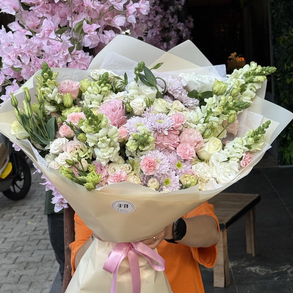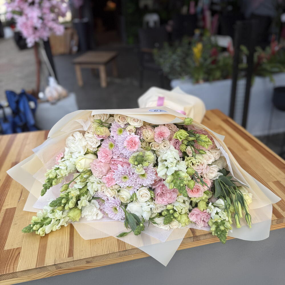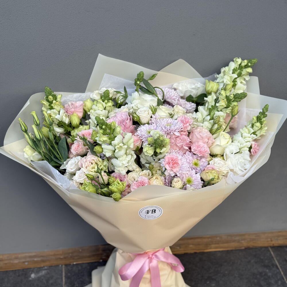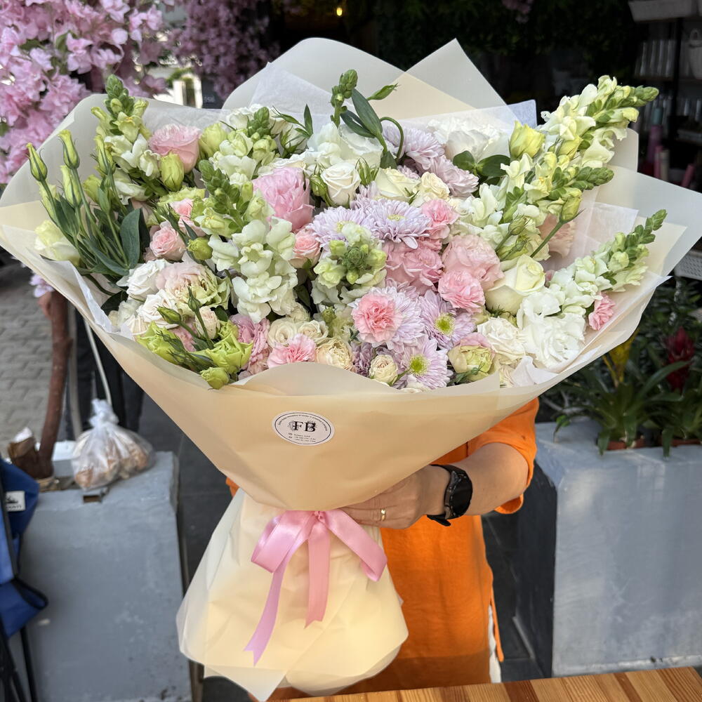 Bu büyüleyici çiçek buketi, ortamınıza tazelik ve zarafet katmak için mükemmel bir seçimdir. Zarif eustomalar, bembeyaz güller, renkli karanfiller, zarif krizantemler ve zarif şebboyların muhteşem birlikteliği ile bu buket, bilinen tüm çiçeklerin en güzel aharmanını sunuyor. Kustova gülleri ise eşsiz ve özel bir dokunuş ekler. Çiçeklerin dingin güzelliği, bu çiçek buketini özel günlerinizde sevdiklerinize hediye etmek için ideal kılar. Her bir çiçeği özenle seçilmiş bu muhteşem buket, çiçeklerin büyüleyici dünyasını sizinle buluşturacaktır.
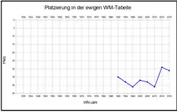 | 21 WM-Spiele 6 Siege 5[1] Unentschieden 10 Niederlagen 22:39 Tore | |
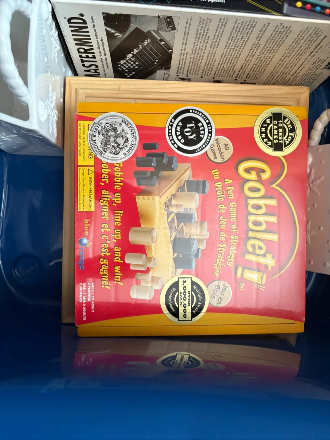Selling a Gobblet board game! It's a fun game of strategy for 2 players. The goal is to line up four in a row. Suitable for ages 7 to adult. A great addition to any game collection!
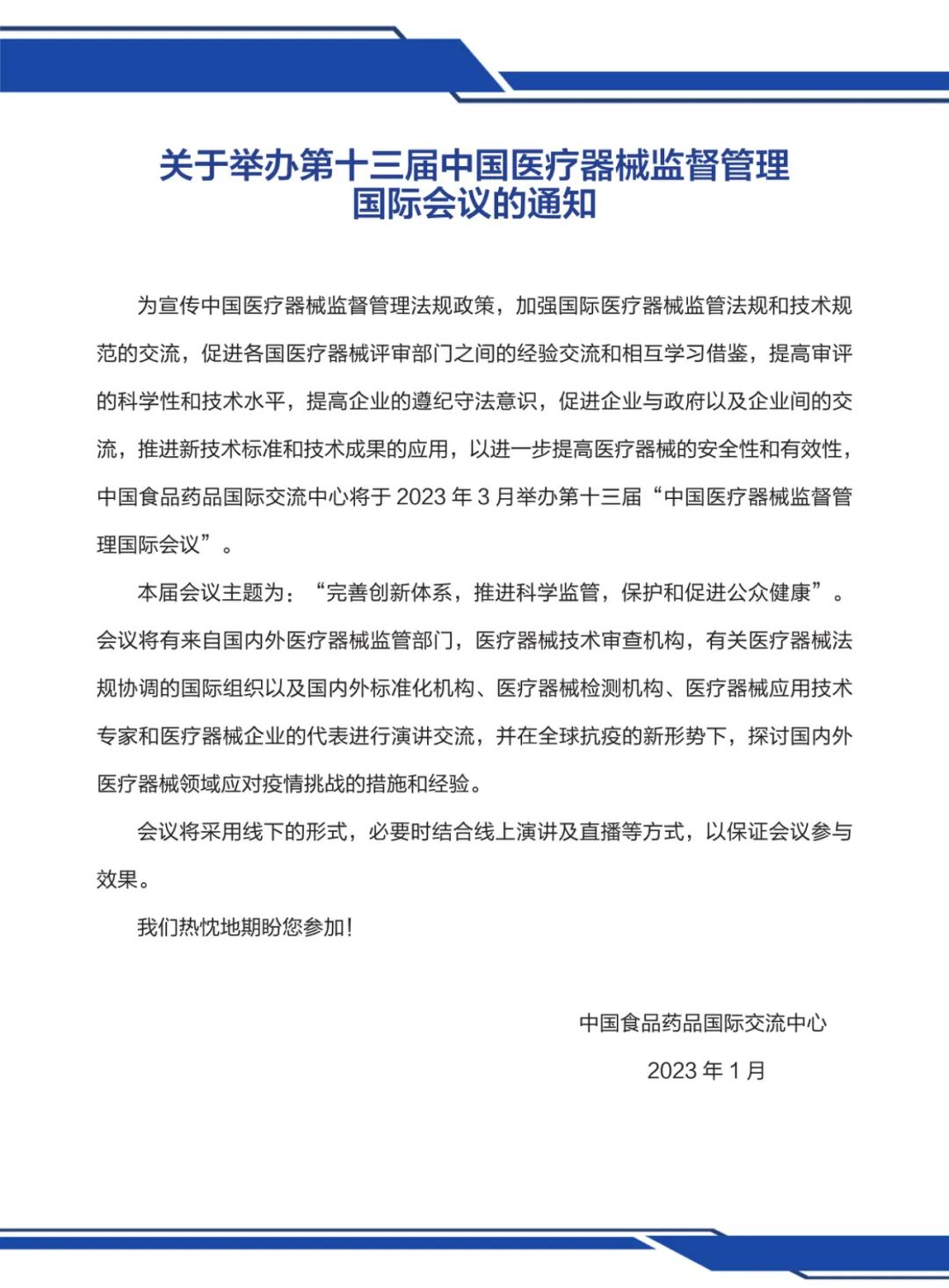 展會邀約 | 第十三屆中國醫(yī)療器械監(jiān)督管理國際會議(CIMDR)
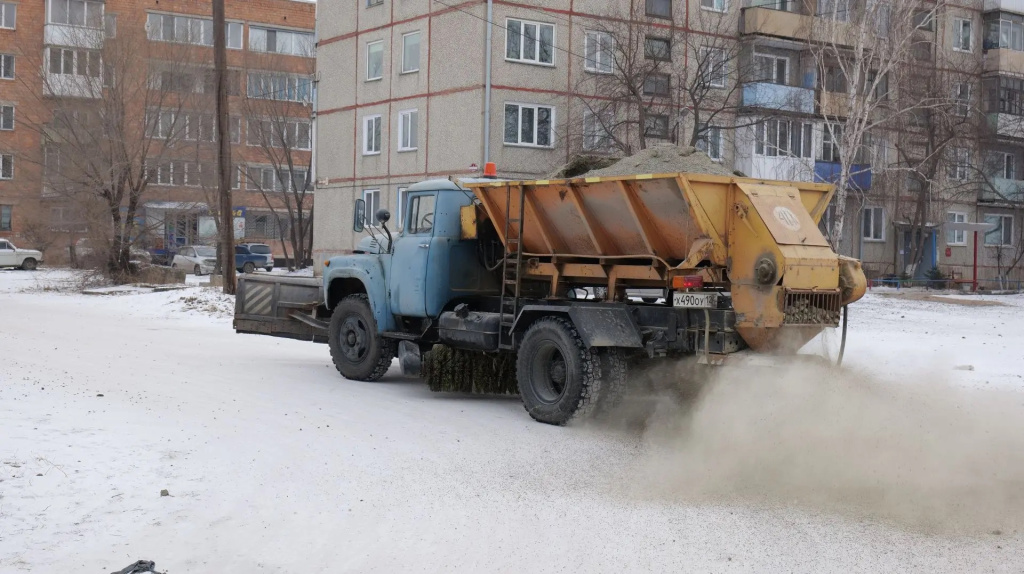 В ходе осмотра проведена рабочая встреча с представителями подрядной организации. Непосредственно на месте Елена Владимировна и Татьяна Викторовна указали представителям подрядчика проблемные скользкие участки, требующие отсыпки. И пока шло обсуждение организационных вопросов, спецтехника выполняла работы на проезжей части и перекрёстках.
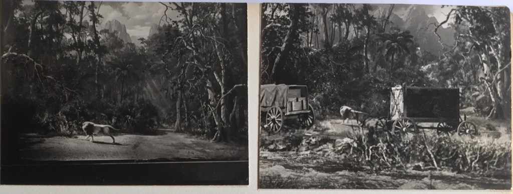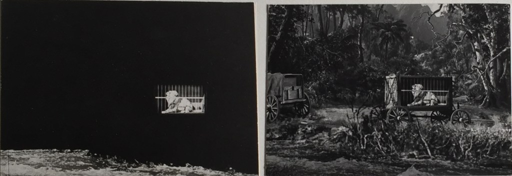 Early in the story, Joe discovers a caged lion in his native jungle. As Harryhausen explains in An Animated Life, Willis O’Brien shot live footage of a lion on a platform that could be rocked back and forth. The cage was a miniature. Studying O’Brien’s footage, Harryhausen counted the frames of the rocking sequence and matched them with the number frames he needed to animate Joe rocking the miniature cage. The real lion was projected on a screen within the miniature cage.
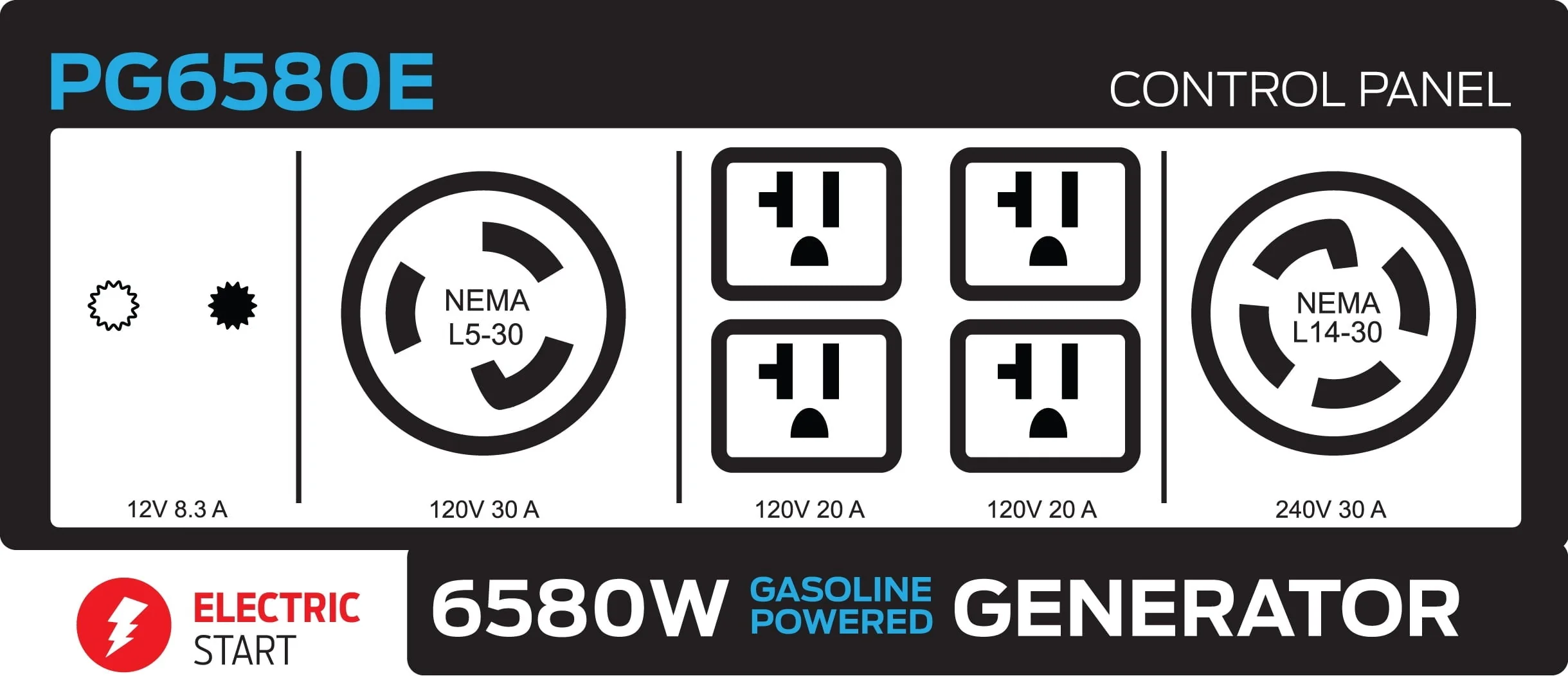 Designed for ease of use and durability, the PG6580E features Electric Start and sturdy construction to ensure reliable operation for years to come. The intuitive control panel and multiple outlets make it simple to operate and monitor. Safety is also a top priority, with features such as low oil indication, low oil shutdown, and automatic voltage regulation included.
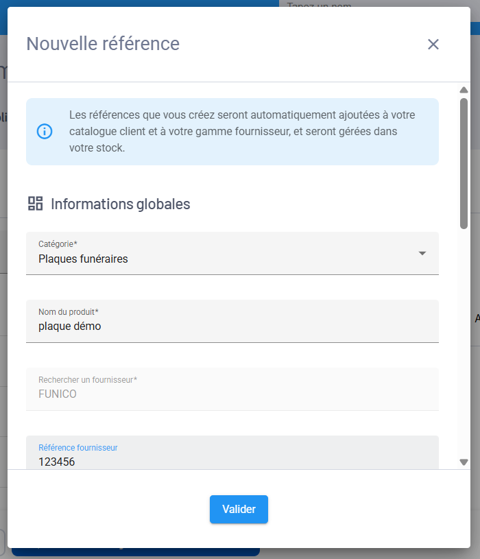 Vous êtes en train de créer à la fois une référence dans votre catalogue et dans votre liste de produits fournisseurs.
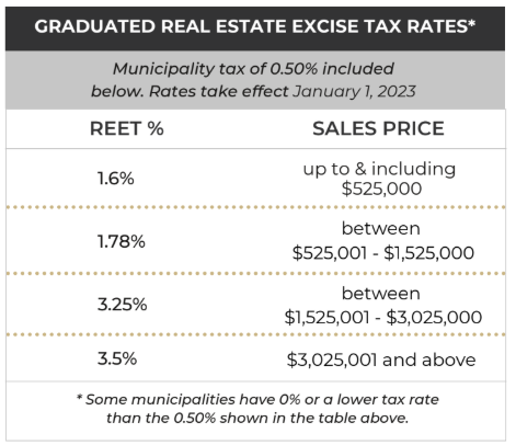 Excise tax: Paid when you sell property in Washington, starting at 1.6% of the sales price and going up from there in graduated tiers. The most updated rates are below.
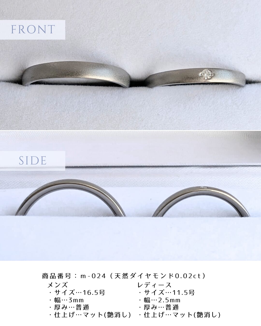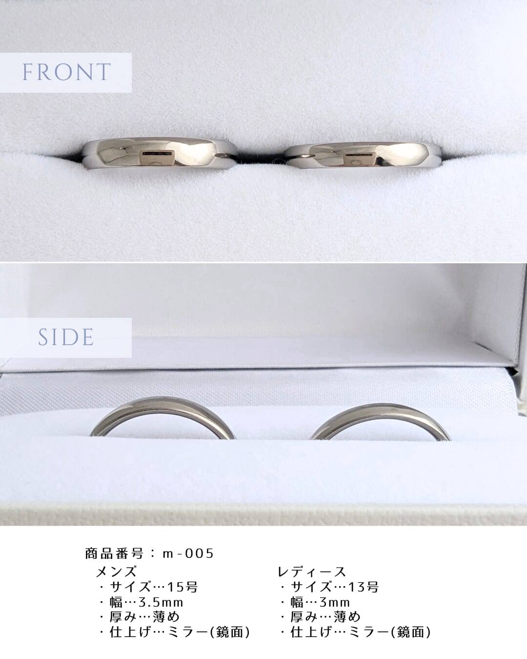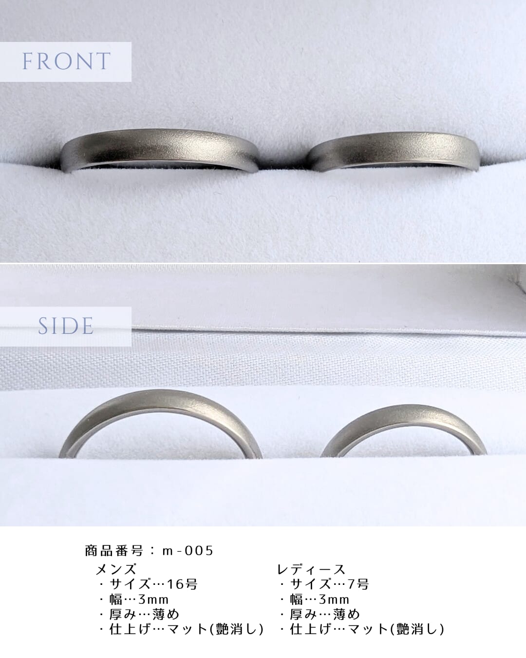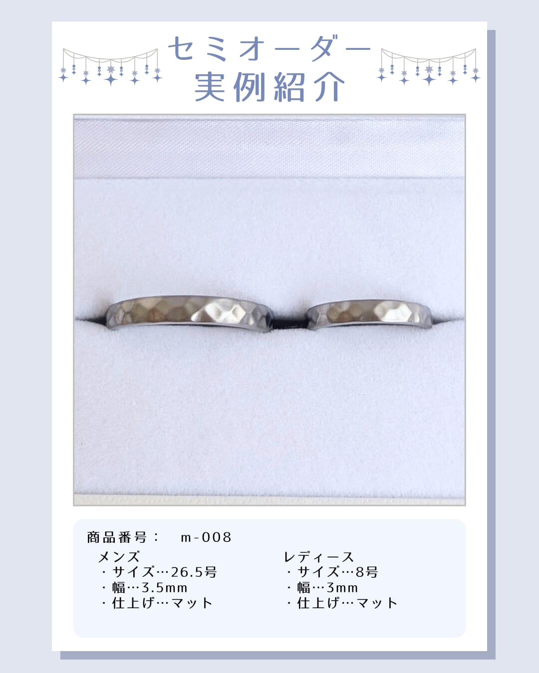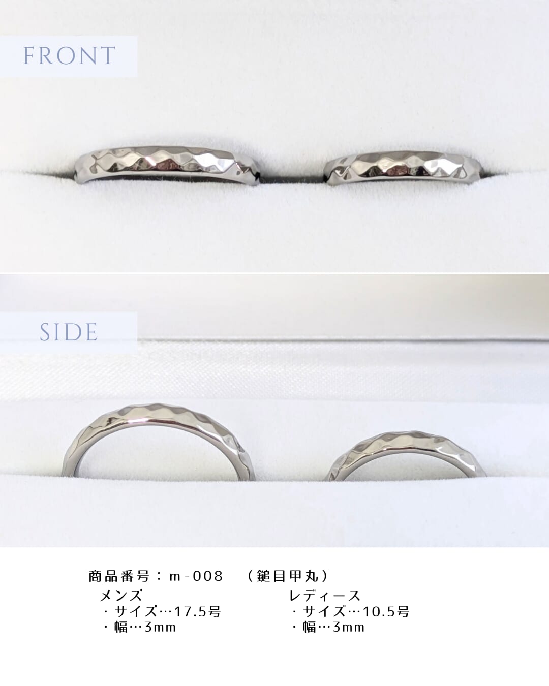 手仕事の風合い 鎚目模様 純チタン甲丸ペアリング
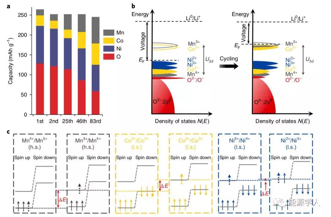 圖3.Li1.2Ni0.15Co0.1Mn0.55O2氧化還原的演變過程。(a)不同循環(huán)圈數(shù)下每種元素的對放電容量的貢獻(xiàn),(b)由于電子結(jié)構(gòu)變化導(dǎo)致費(fèi)米能級升高的佐證(c)對于不同的氧化還原電對,Mn和Co將涉及不同的能級。
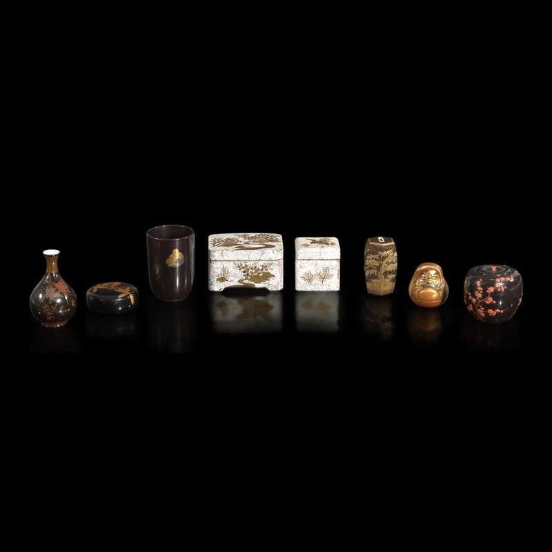 Comprising: a water dropper decorated with orchid blossoms, signed Shunkosai, a raden-inlaid "eggshell" lacquer rectangular box, a similar small square box, a hexagonal incense game slip container box, a small orange hardstone-embellished "prunus" natsume, a small cloisonné-enameled porcelain vase, signed, a cup with hiramaki-e Hotei against a roiro ground, and a Daruma-form figural box.

_ASSIGNMENT_.
Output the records above exactly as they are, leaving out the pictures.

_EXERCISE ANSWER_.
 Bu büyüleyici çiçek buketi, ortamınıza tazelik ve zarafet katmak için mükemmel bir seçimdir. Zarif eustomalar, bembeyaz güller, renkli karanfiller, zarif krizantemler ve zarif şebboyların muhteşem birlikteliği ile bu buket, bilinen tüm çiçeklerin en güzel aharmanını sunuyor. Kustova gülleri ise eşsiz ve özel bir dokunuş ekler. Çiçeklerin dingin güzelliği, bu çiçek buketini özel günlerinizde sevdiklerinize hediye etmek için ideal kılar. Her bir çiçeği özenle seçilmiş bu muhteşem buket, çiçeklerin büyüleyici dünyasını sizinle buluşturacaktır.
 | 21 WM-Spiele 6 Siege 5[1] Unentschieden 10 Niederlagen 22:39 Tore | |
Selling a Gobblet board game! It's a fun game of strategy for 2 players. The goal is to line up four in a row. Suitable for ages 7 to adult. A great addition to any game collection!
 展會邀約 | 第十三屆中國醫(yī)療器械監(jiān)督管理國際會議(CIMDR)
 В ходе осмотра проведена рабочая встреча с представителями подрядной организации. Непосредственно на месте Елена Владимировна и Татьяна Викторовна указали представителям подрядчика проблемные скользкие участки, требующие отсыпки. И пока шло обсуждение организационных вопросов, спецтехника выполняла работы на проезжей части и перекрёстках.
 Early in the story, Joe discovers a caged lion in his native jungle. As Harryhausen explains in An Animated Life, Willis O’Brien shot live footage of a lion on a platform that could be rocked back and forth. The cage was a miniature. Studying O’Brien’s footage, Harryhausen counted the frames of the rocking sequence and matched them with the number frames he needed to animate Joe rocking the miniature cage. The real lion was projected on a screen within the miniature cage.
 Designed for ease of use and durability, the PG6580E features Electric Start and sturdy construction to ensure reliable operation for years to come. The intuitive control panel and multiple outlets make it simple to operate and monitor. Safety is also a top priority, with features such as low oil indication, low oil shutdown, and automatic voltage regulation included.
 Vous êtes en train de créer à la fois une référence dans votre catalogue et dans votre liste de produits fournisseurs.
 Excise tax: Paid when you sell property in Washington, starting at 1.6% of the sales price and going up from there in graduated tiers. The most updated rates are below.
 手仕事の風合い 鎚目模様 純チタン甲丸ペアリング
 圖3.Li1.2Ni0.15Co0.1Mn0.55O2氧化還原的演變過程。(a)不同循環(huán)圈數(shù)下每種元素的對放電容量的貢獻(xiàn),(b)由于電子結(jié)構(gòu)變化導(dǎo)致費(fèi)米能級升高的佐證(c)對于不同的氧化還原電對,Mn和Co將涉及不同的能級。
 Comprising: a water dropper decorated with orchid blossoms, signed Shunkosai, a raden-inlaid "eggshell" lacquer rectangular box, a similar small square box, a hexagonal incense game slip container box, a small orange hardstone-embellished "prunus" natsume, a small cloisonné-enameled porcelain vase, signed, a cup with hiramaki-e Hotei against a roiro ground, and a Daruma-form figural box.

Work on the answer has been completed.